Action item » Where an entry below contains an image, skip the image and reproduce the rest exactly.

[Data extracted from a collection]
※

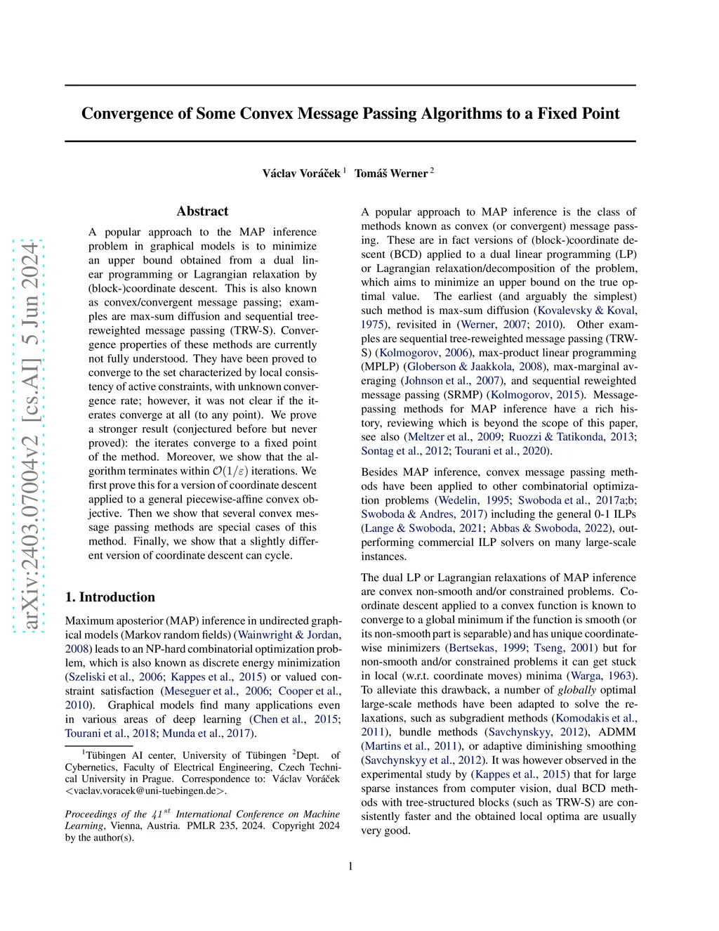 Convergence of Some Convex Message Passing Algorithms to a Fixed Point
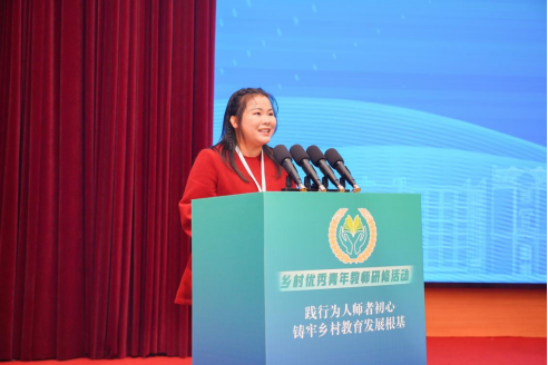 学员代表、新蔡县孙召镇初级中学教师单梦换在发言时分享了自己扎根乡村讲台的坚守历程。她以创新教学方法提升学生素养、牵头成立省级名班主任工作室、积极投身教育公益的实践故事,生动诠释了新时代乡村青年教师的责任与担当,一句“俺相信咱乡村教育的明天一定会更‘中’”的朴实话语,道出了全体乡村教师对教育事业的赤诚与期盼,赢得现场阵阵掌声。
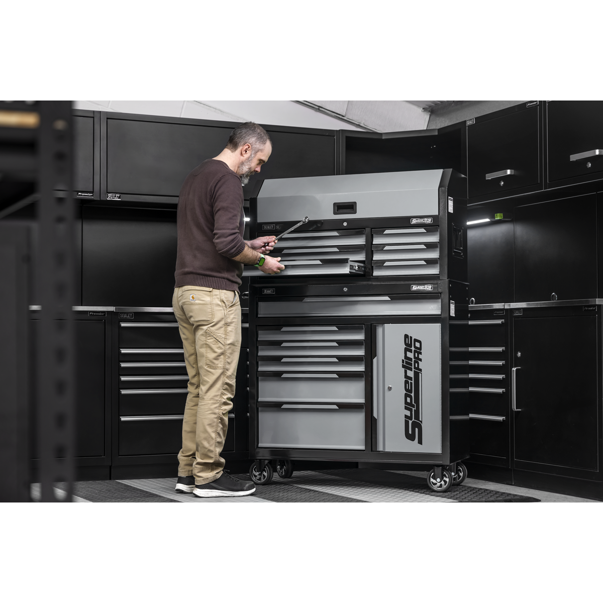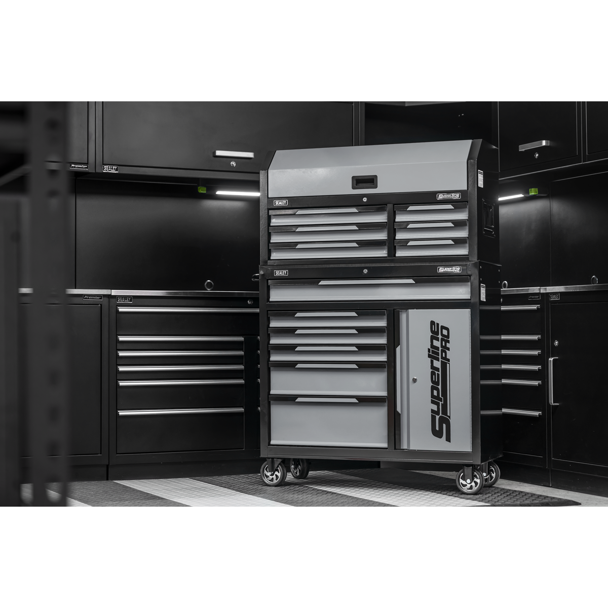 899.96 2026-04-16Manufactured from double skin side walls for enhanced strength and durability. Finished with a hi-gloss, triple baked powder coating to resist oil, dirt and mild solvents. Features smooth 35mm ball-bearing drawer slides. Fitted with four Ø127mm castors, two fixed and two swivel with brakes. Includes two carry handles on the top chest and a side handle on the bottom chest for convenient transport. Cylinder lock and locking bar to secure drawers. Supplied with two keys per lock.
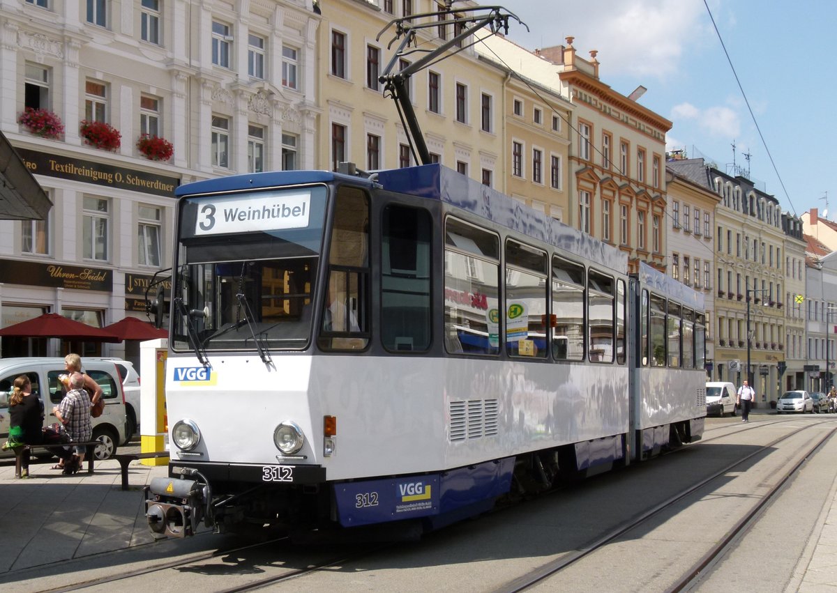 20. Juli 2015, Straßenbahn in Görlitz. Tw 312 wurde 1992 von Erfurt übernommen.
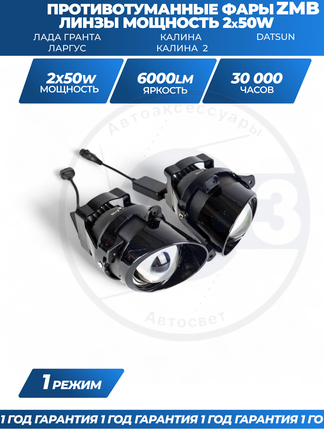Цена указана за комплект Противотуманные фары Гранта (противотуманные линзы модуль) ZMB ПТФ Гранта 2х50W однорежимные ближний свет 2шт.
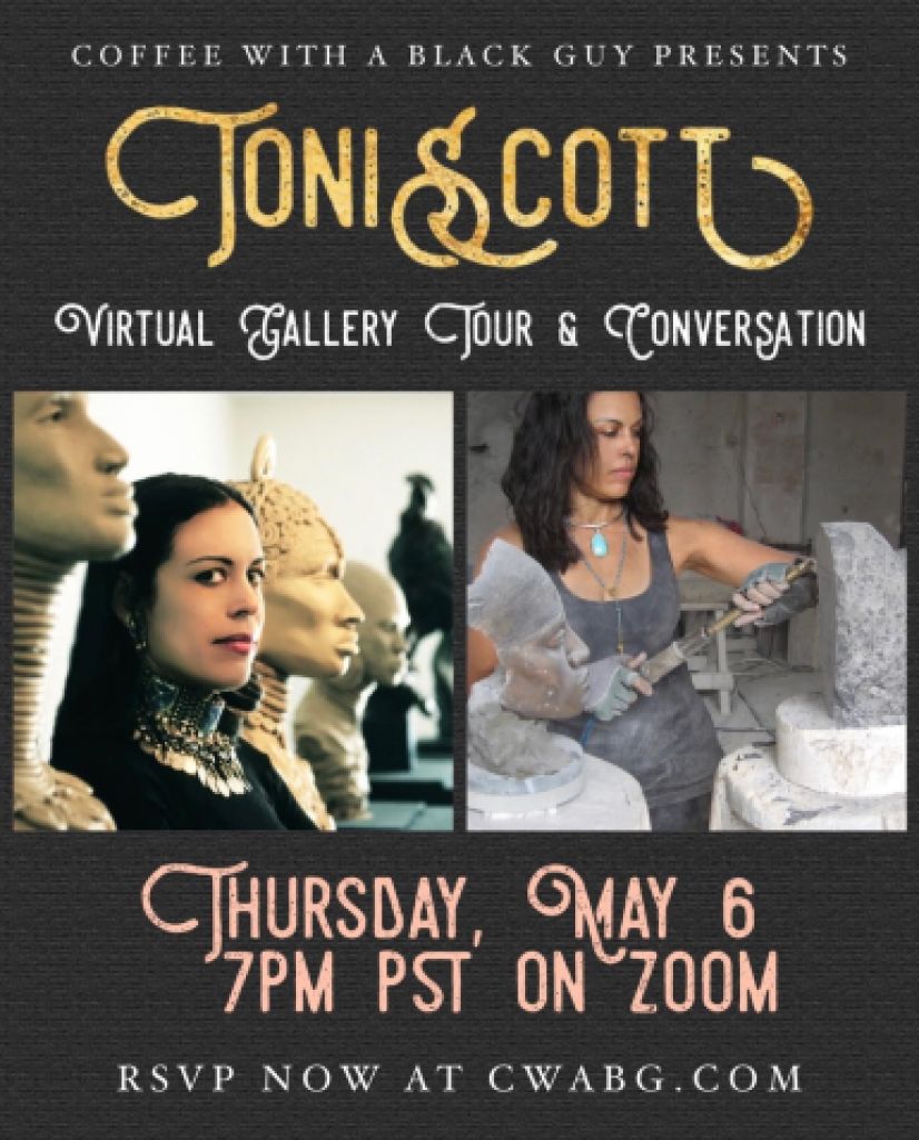 Join UCSB Alum and 2018 Artist in Residence fellow Toni Scott in conversation with Coffee with a Black Guy’s James Joyce on May 6, 2021 at 7pm pst on Zoom. Mixed-media artist, Toni Scott, will provide a virtual gallery tour and discuss the powerful stories presented through her work including installations, photography, multi-media, painting and sculpture. Scott states, “In every work, I create resides a commitment to themes that build and enrich humanity.”
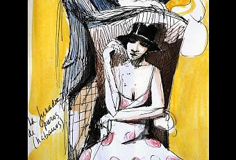 sentada, erguida y bella, con su piel color tabaco, en un sillón de

※

Exercise result »
 Convergence of Some Convex Message Passing Algorithms to a Fixed Point
 学员代表、新蔡县孙召镇初级中学教师单梦换在发言时分享了自己扎根乡村讲台的坚守历程。她以创新教学方法提升学生素养、牵头成立省级名班主任工作室、积极投身教育公益的实践故事,生动诠释了新时代乡村青年教师的责任与担当,一句“俺相信咱乡村教育的明天一定会更‘中’”的朴实话语,道出了全体乡村教师对教育事业的赤诚与期盼,赢得现场阵阵掌声。
 899.96 2026-04-16Manufactured from double skin side walls for enhanced strength and durability. Finished with a hi-gloss, triple baked powder coating to resist oil, dirt and mild solvents. Features smooth 35mm ball-bearing drawer slides. Fitted with four Ø127mm castors, two fixed and two swivel with brakes. Includes two carry handles on the top chest and a side handle on the bottom chest for convenient transport. Cylinder lock and locking bar to secure drawers. Supplied with two keys per lock.
 20. Juli 2015, Straßenbahn in Görlitz. Tw 312 wurde 1992 von Erfurt übernommen.
Цена указана за комплект Противотуманные фары Гранта (противотуманные линзы модуль) ZMB ПТФ Гранта 2х50W однорежимные ближний свет 2шт.
 Join UCSB Alum and 2018 Artist in Residence fellow Toni Scott in conversation with Coffee with a Black Guy’s James Joyce on May 6, 2021 at 7pm pst on Zoom. Mixed-media artist, Toni Scott, will provide a virtual gallery tour and discuss the powerful stories presented through her work including installations, photography, multi-media, painting and sculpture. Scott states, “In every work, I create resides a commitment to themes that build and enrich humanity.”
 sentada, erguida y bella, con su piel color tabaco, en un sillón de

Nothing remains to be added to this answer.